HELM (Holistic Evaluation): 42 scenarios with 7 metrics per scenario — accuracy, calibration, robustness, fairness, bias, toxicity, efficiency. Comprehensive but expensive to compute. BIG-Bench Hard (BBH): 23 tasks that still challenge frontier models — algorithmic, world knowledge, language understanding. TruthfulQA: 817 questions where humans often have false beliefs; tests whether models propagate misconceptions. MT-Bench: 80 multi-turn chat questions judged by GPT-4, covering math, coding, reasoning, roleplay, writing, STEM.

Benchmark	Coverage	Eval method	Best for
HELM	Broad (42 scenarios)	Multi-metric	Comprehensive comparison
BIG-Bench Hard	Reasoning-focused	Exact match	Reasoning capability
TruthfulQA	Factuality	Judge or MCQ	Truthfulness
MT-Bench	Chat quality	LLM judge	Chat assistant quality

These benchmarks provide breadth but sacrifice depth. A single HELM score hides variation across scenarios. Use holistic benchmarks for baseline health checks, not for final model selection.

06 — Human Signal

Chatbot Arena and Human Preference

Chatbot Arena (LMSYS): Real users ask questions, see two anonymous responses, pick the better one. ELO-style rating updated after each battle. Currently the most reliable ranking for overall model quality because contamination is impossible (new questions), coverage is real (millions of votes), and results update in real-time.

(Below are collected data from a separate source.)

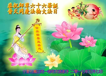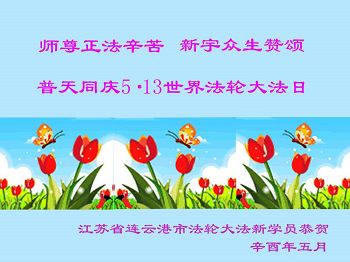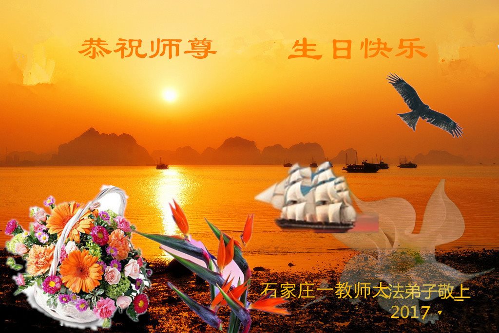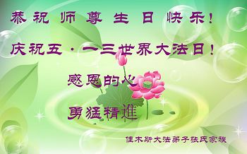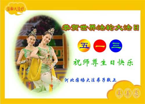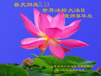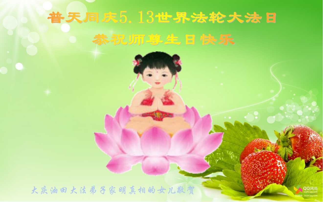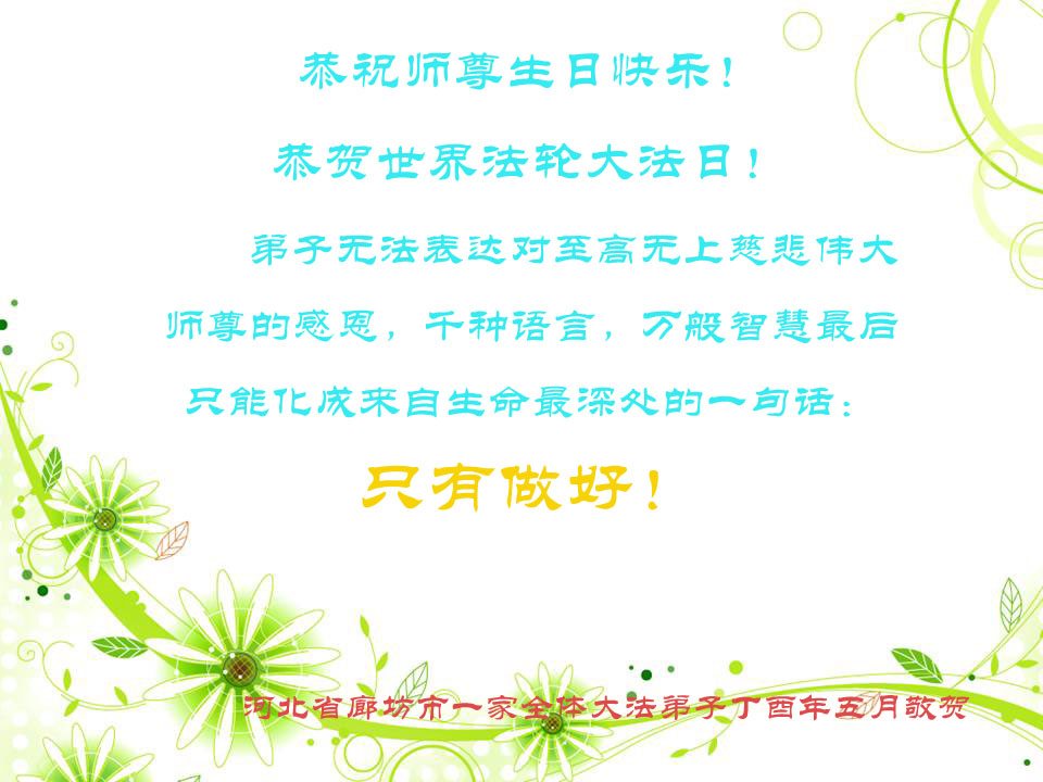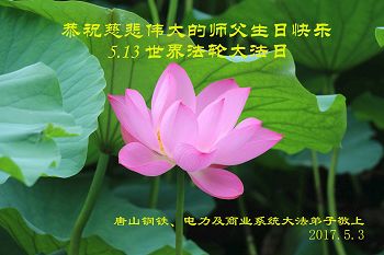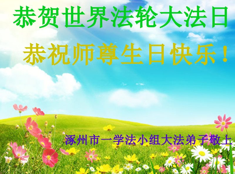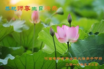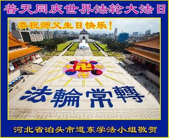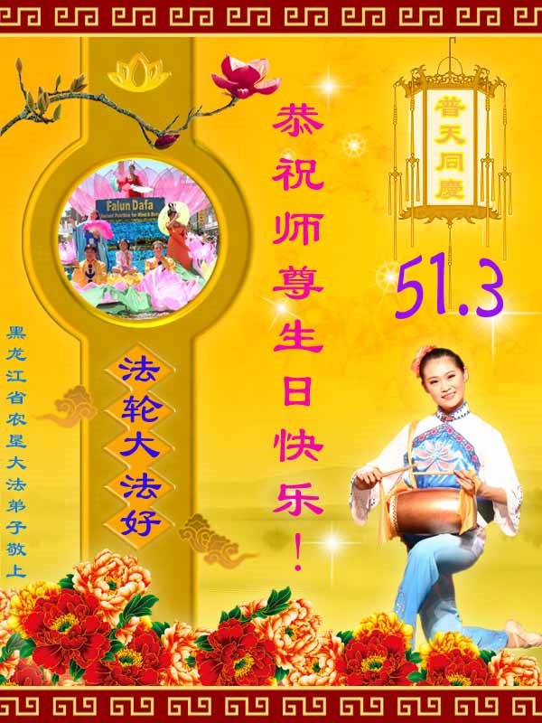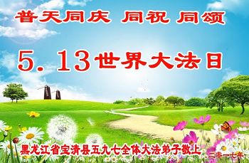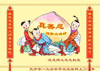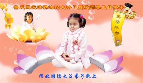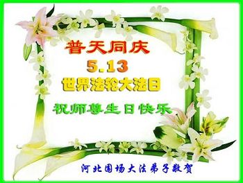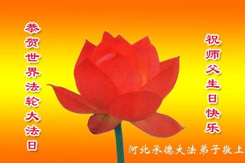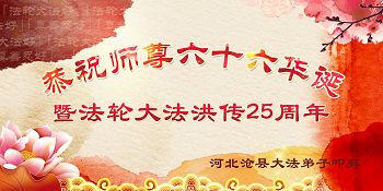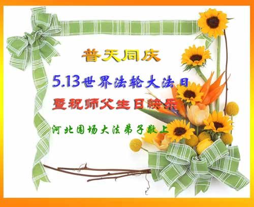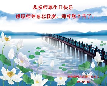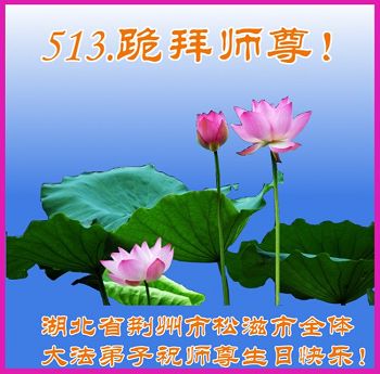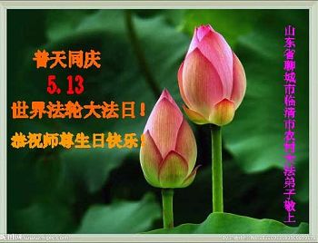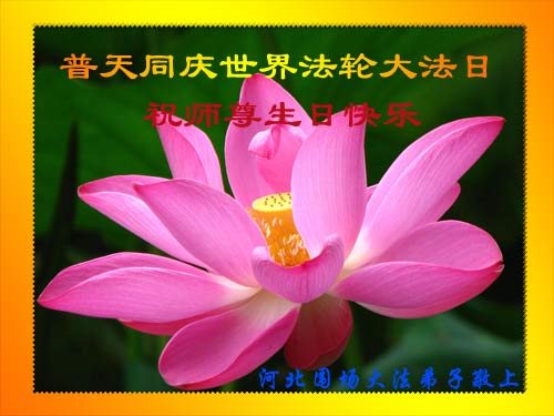 在“5.13”这个感恩的日子,我们天津市宁河区全体大法弟子祝师尊生日快乐!师尊您辛苦了! 我们深知师尊救度一个生命的艰辛,切身体会到一个生命被救度的荣幸!能成为师父的弟子,能成为宇宙大法修炼者中的一员,是多么的幸福!在师父慈悲救度下,在师父的保护与加持下,我们由一个业力满身的人走在了成神的路上,弟子们对师父无限的敬仰,无限的感恩!
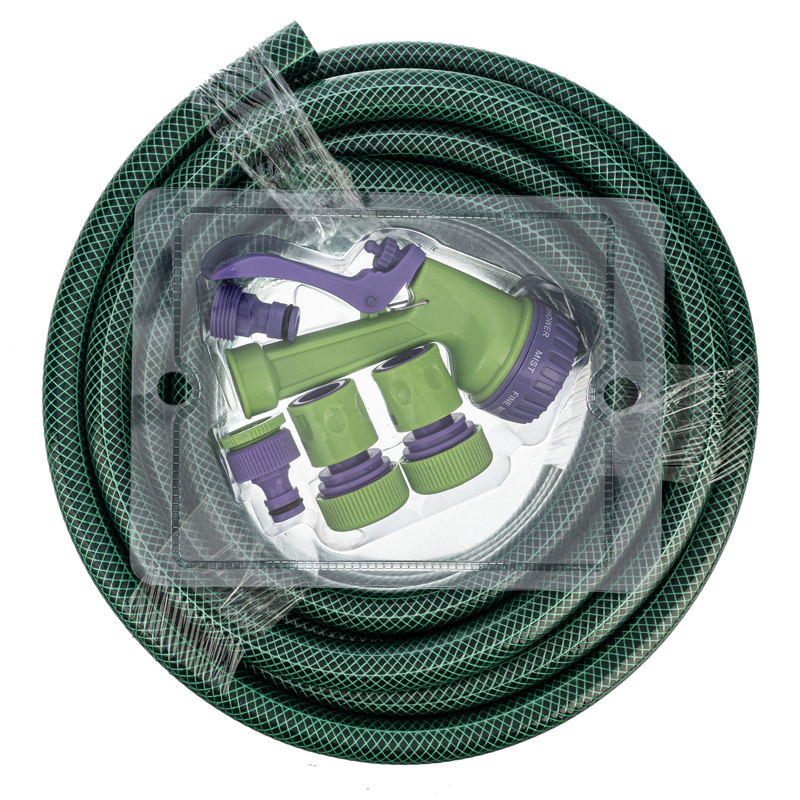 - Прочность и долговечность — шланг изготовлен из высококачественного ПВХ, устойчивого к ультрафиолету, дополнительные элементы набора выполнены из ABS-пластика и не боятся коррозии.
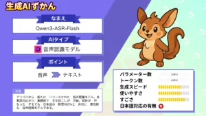 なお、同じくQwenシリーズであるQwen3-ASRは音声認識に特化したモデルです。くわしく知りたい方は、以下の記事をご覧ください。
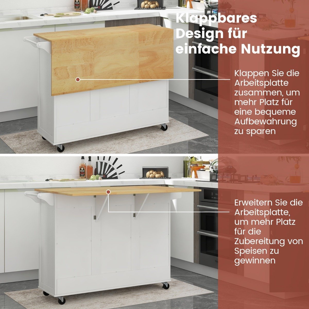 Ieškote virtuvės vežimėlio, kuris suteiktų papildomos laikymo vietos? Šis ratukinis virtuvės vežimėlis taps puikiu pagalbininku jūsų virtuvėje. Jo išskleidžiama akacijos medienos lentyna suteikia papildomos erdvės, pakėlus viršutinę dalį, o prireikus ją lengvai sulenksite.
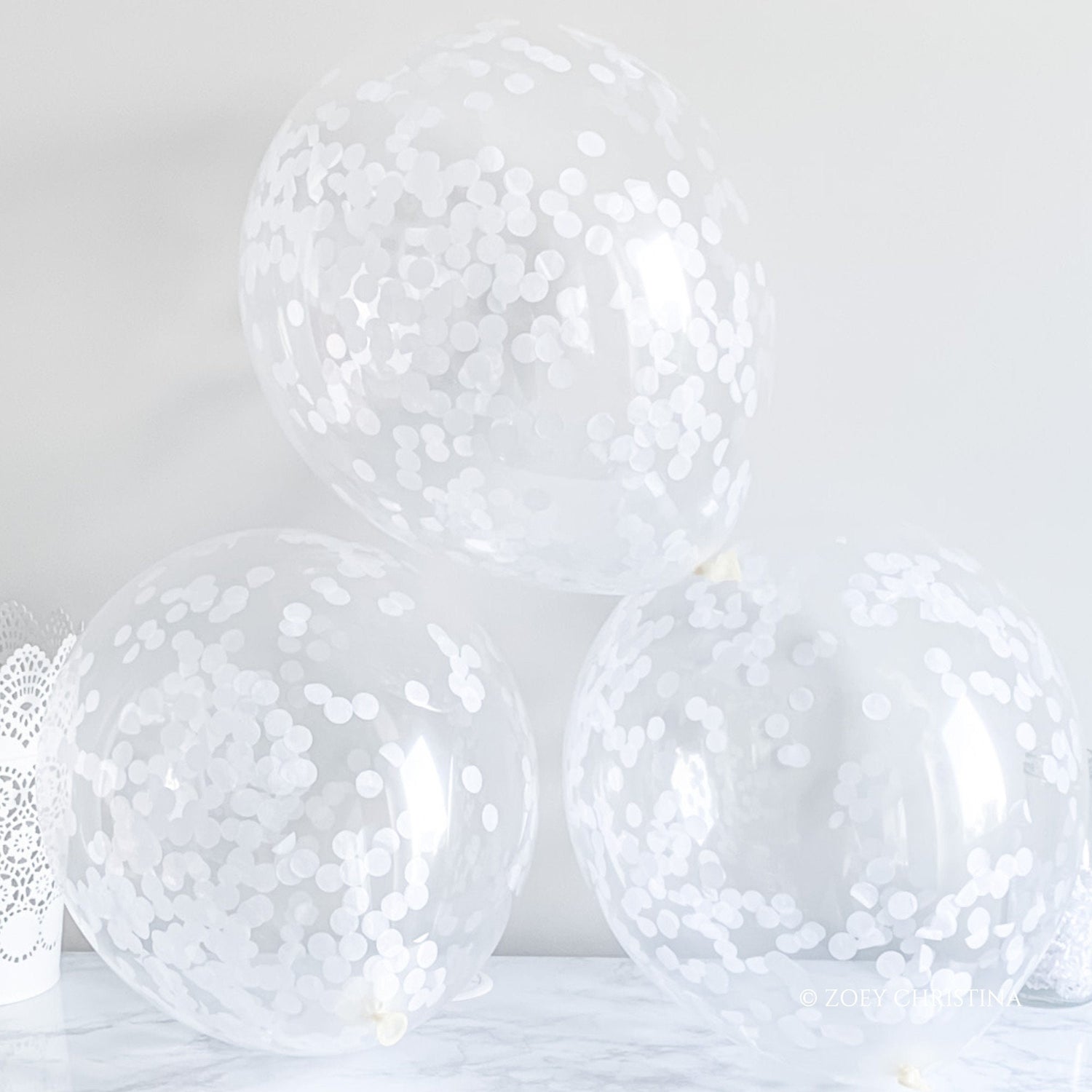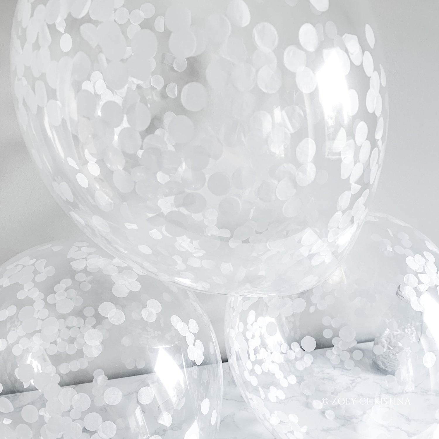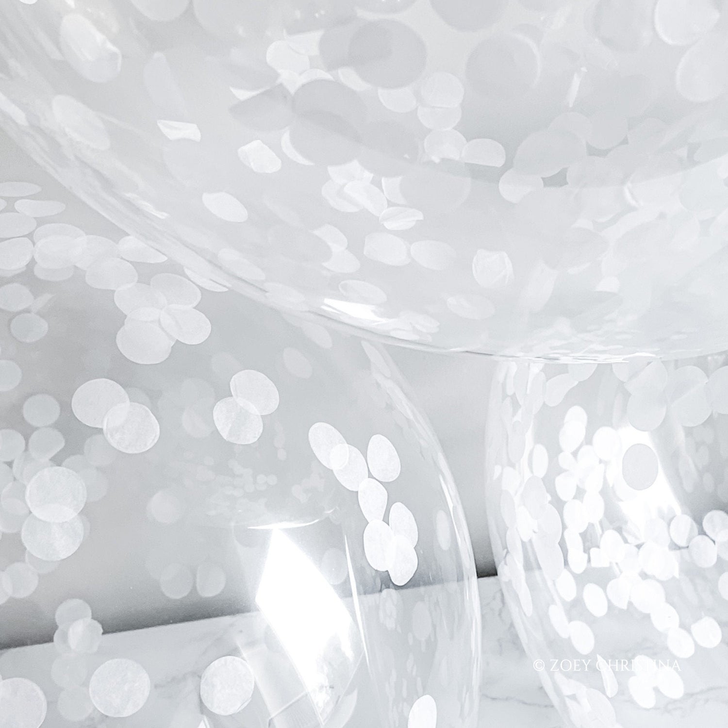 📌 Please Note: This listing is for the clear white confetti-filled balloons only. Additional decorations, tableware, or party supplies shown in images are sold separately.
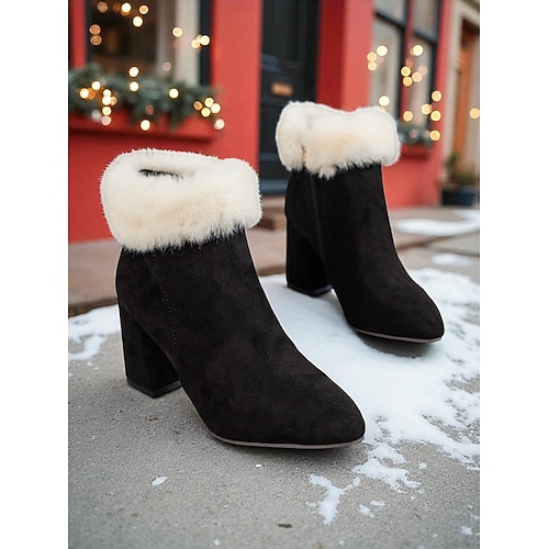 stivaletti da donna con tacco a blocco in pelle scamosciata marrone - stivaletti a punta autunno/inverno per stile urbano, pendolarismo o abbigliamento casual quotidiano
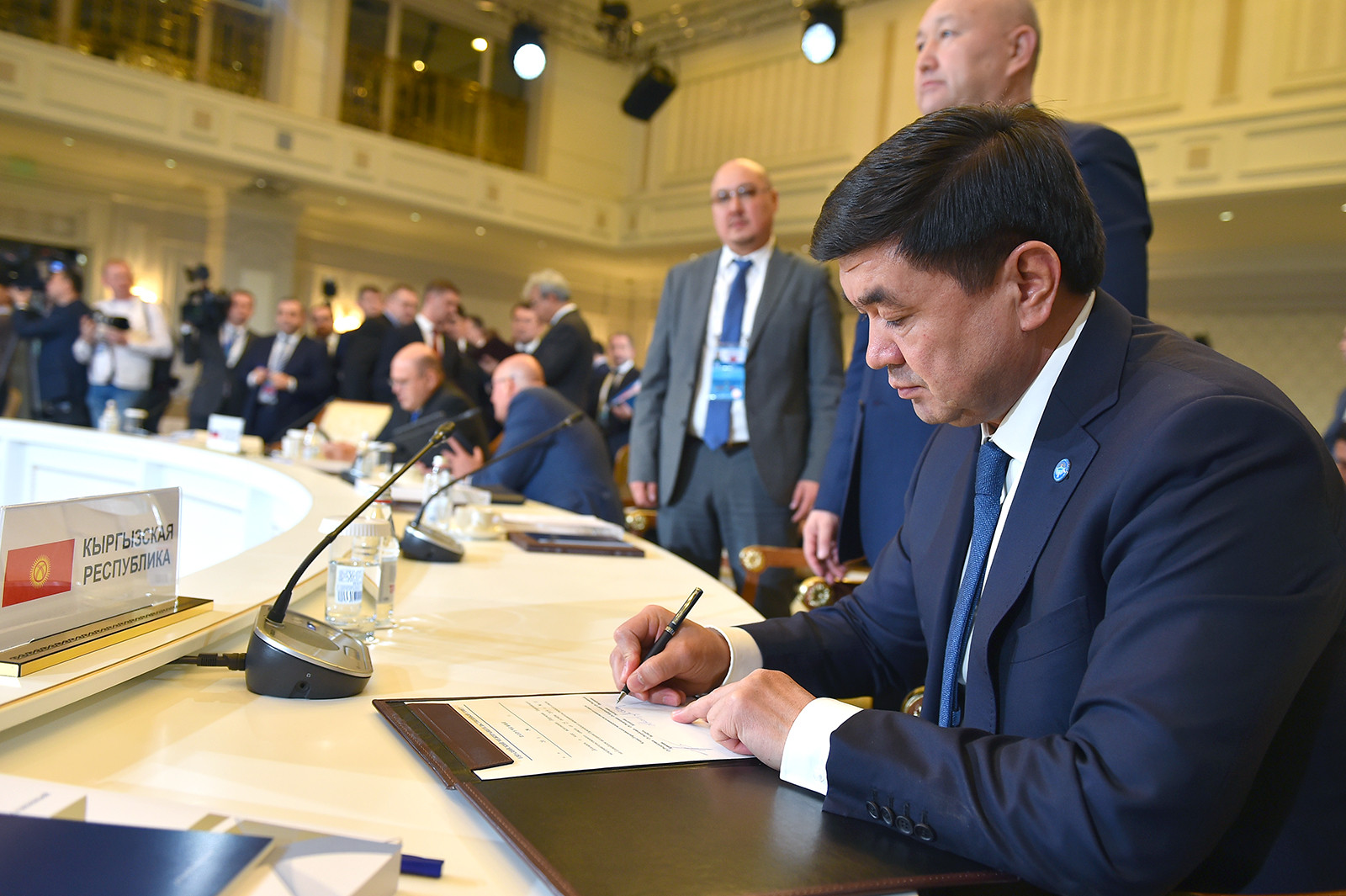 Кыргыз Республикасынын Премьер-министри Мухаммедкалый Абылгазиев Казакстан Республикасына иш сапарынын жүрүшүндө Алматы шаарында өткөн Евразия өкмөттөр аралык кеңешинин кезектеги отурумуна катышты.
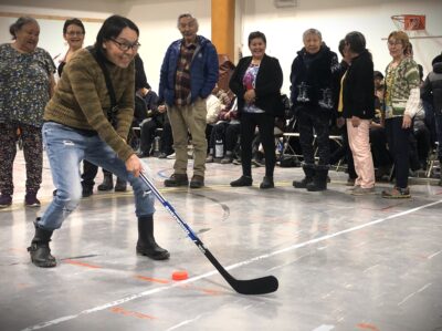 The event was “major fun,” said Atsina Uniuqsaraq, who participated in the seniors slapshot tournament. She didn’t win a prize, but her smile suggested that didn’t matter.
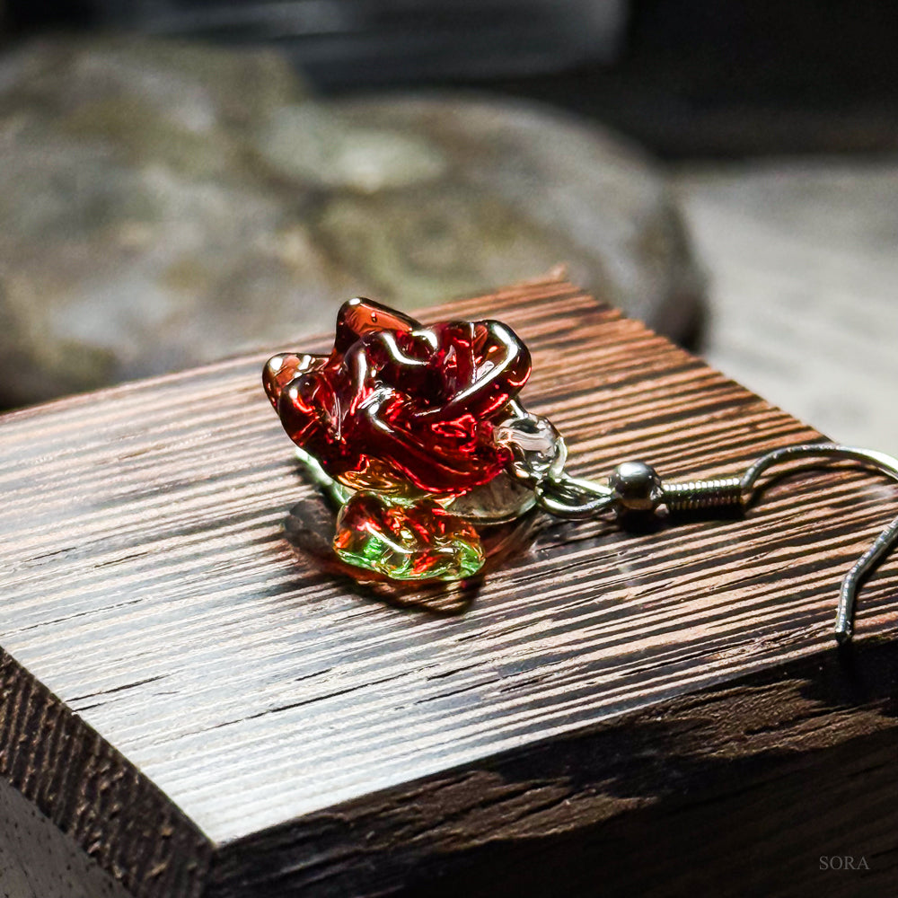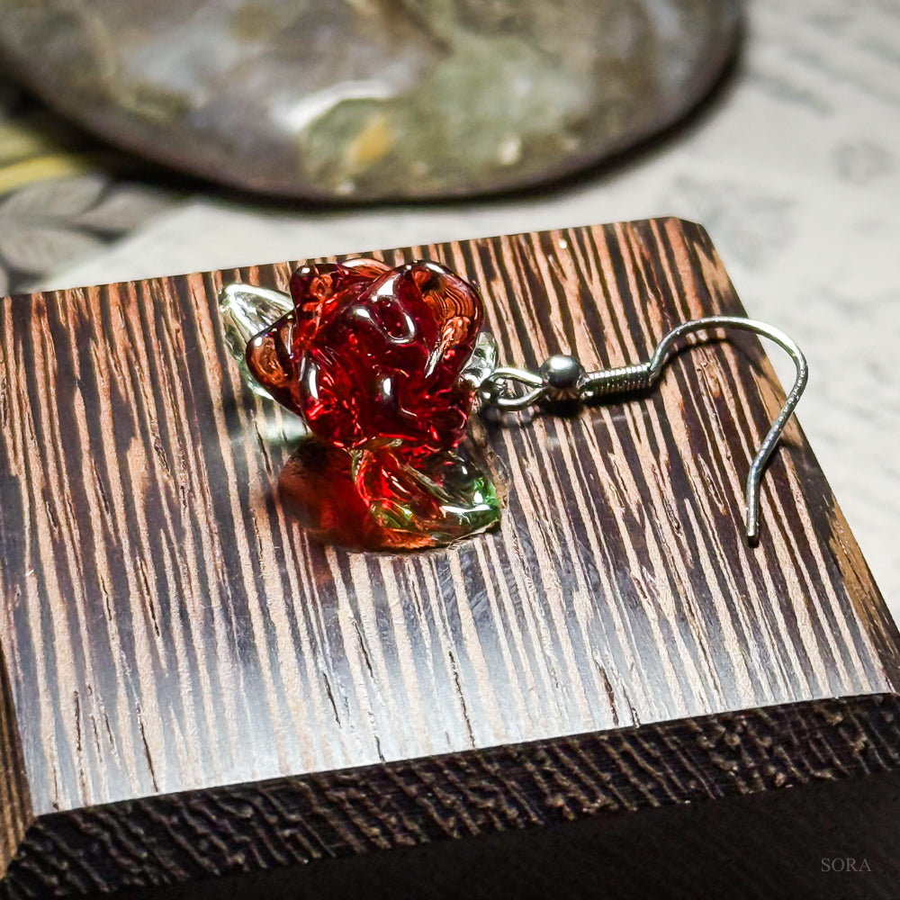 赤い薔薇の片耳用ピアス
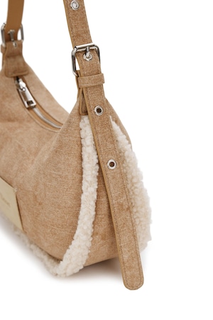 [DEINET] FAUX SUEDE FUR MINI SHOULDER BAG IN BEIGE
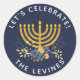This party invitation envelope seal features modern block typography, a fun floral bouquet and watercolor menorah. Personalize the text and/or background colour. To customize the navy blue background colour, choose customize tool and select any of your choosing.
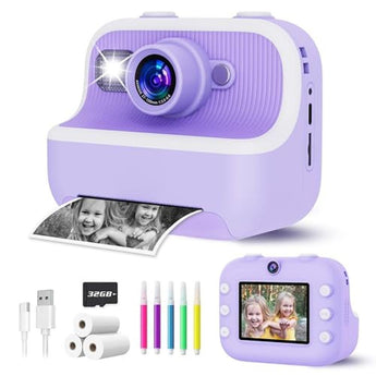Perfect Gift for Kids Ages 3-12 - kids instant print camera Do you want a special gift for your child? Bring fun and convenience to children, our kids camera will be your choices. That's great entertaining toys for girls age 6-8 Children can take many fun photos with their friends,and than printing it right nowUpgraded to dual-camera configuration, easy to take selfies. Can connect to a computer and upload and download pictures, music(MP3 format). Features: Dual Camras, 1080P Video, 8X Digital Zoom, 5 Games, Flash, Playback, Music Player,32 GB SD card, five country language, ringtone volume, etc Specification: Screen size: 2.4-inch screen Recharge type : Typ-C USB cable Battery: 1500MHA(Over 3.5 hours standby) What is in box 1*Kids Didital Camera 1* Type-C UBS cable 1*User Guide 1*32GB SD CardColor Pen1*Lanyar 3 Rolls of Printing Paper

Why Arena is Better Than Static Benchmarks

Static benchmarks are fixed forever; Arena evolves. Users reveal true preferences; benchmarks measure narrow capabilities. Arena is large (millions of votes); benchmarks are small (thousands of examples). This scale difference matters.

Dimension	Arena	Static benchmarks
Contamination risk	Zero	High
Coverage	Real queries (biased)	Fixed test set (narrow)
Speed of update	Real-time	Months
Reproducibility	Low (stochastic)	High
Cost to game	Hard	Easy

Arena Limitations

English bias: Skewed toward English queries. Chat bias: Skewed toward chat-style questions (less technical). Gameable: Can optimize for superficial features that humans prefer (verbosity, disclaimers) without improving actual reasoning.

✓ Single most trustworthy signal: Chatbot Arena is the best ranking available, but look at confidence intervals, not just ELO point estimates. Models within 50 points are statistically indistinguishable.

Python · Track benchmark scores over time and alert on regression

import json, statistics
from pathlib import Path
from datetime import datetime

HISTORY_FILE = Path("benchmark_history.jsonl")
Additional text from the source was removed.